Luego simplemente se habían puesto en marcha sin decir nada mas.
-Nos los entiendo.-dijo Jon mentalmente a Shapira.
-Yo tampoco, pero confío en que tendrán sus razones.-dijo Shapira con confianza.
-No lo sé, he notado muy raro a Parlax, normalmente no pararía de hablar sobre magia y otros conocimientos para luego corregir desde mis fallos al andar, hasta cómo debe peinarse un jinete de dragón para evitar el pelo en los ojos.
-Bueno…., tu cabello siempre ha sido un desastre, si recuerdo bien cuando volábamos en busca de Brynden River más de una vez te llegaste a quejar del pelo en la boca.
-Hablo en serio Shapira, ¿tu no has notado nada?.
-No puedo negar que he notado a Glaegar algo……¿melancólico?, nose, a veces le he visto con la mirada perdida hacia el cielo.
-¿Tendrán miedo a que no podamos sobrevivir?, han pasado muchos siglos solos custodiando estas tierras vacías de toda vida inteligente, marcadas por la perdición y el dolor de perder a tu gente. Creo que somos tanto una esperanza como un temor para ellos.-dijo Jon con tristeza.
-Todo saldrá bien, tú serás un Vanir y yo un verdadero dragón, luego buscaremos a los supervivientes que pueda haber fuera y criaremos a más dragones.
-Suenas muy confiada.-dijo Jon con tono gracioso
-Soy realista, tu piensa en todo lo extraordinario que nos ha pasado, crees que un pequeño ritual el algo comparable con haber encontrado un huevo abandonado en las entrañas de una vieja fortaleza, que un tú alternativo te dijera la verdad sobre todo y te salvase de congelarte las bolas en un muro de hielo lleno de violadores y asesinos, por no mencionar conocer a parientes centenarios tuyos que te aconsejaron y guiaron hasta aquí, ¡No vamos a morir!
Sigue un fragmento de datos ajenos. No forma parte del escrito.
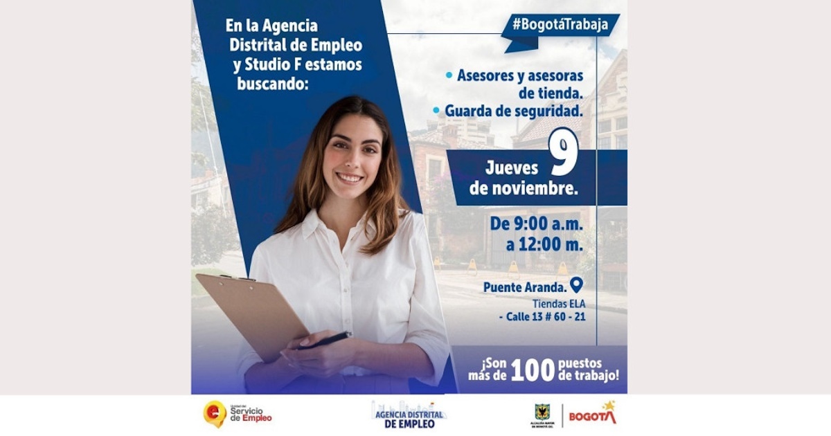 Esta feria de empleo tendrá lugar en la localidad de Puente Aranda (calle 13 # 60-21. Tiendas ELA), en donde se requiere emplear a:

-Tengo suerte de tenerte como mi dragona, me das confianza en mis momentos de flaqueza.-dijo mientras acariciaba su largo cuello.
-Tu tampoco estas mal, acicalas muy bien mis escamas.
-Parece que solo me quieres como tu sirviente de limpieza.-dijo con un poco de ironía.
-No solo te quiero por eso, también cocinas bien mis comidas, sabes como hacer que la carne y el pescado quede perfecto, cuando lo preparo con mi fuego siempre queda un poco quemado y comer carne cruda no tiene tanto sabor.
-Solo eres un lagarto lujurioso lleno de gula, no se por que me molesto en hablar sobre temas serios.
Ante su respuesta Shapira dio un pequeño movimiento brusco que movió a Jon con fuerza.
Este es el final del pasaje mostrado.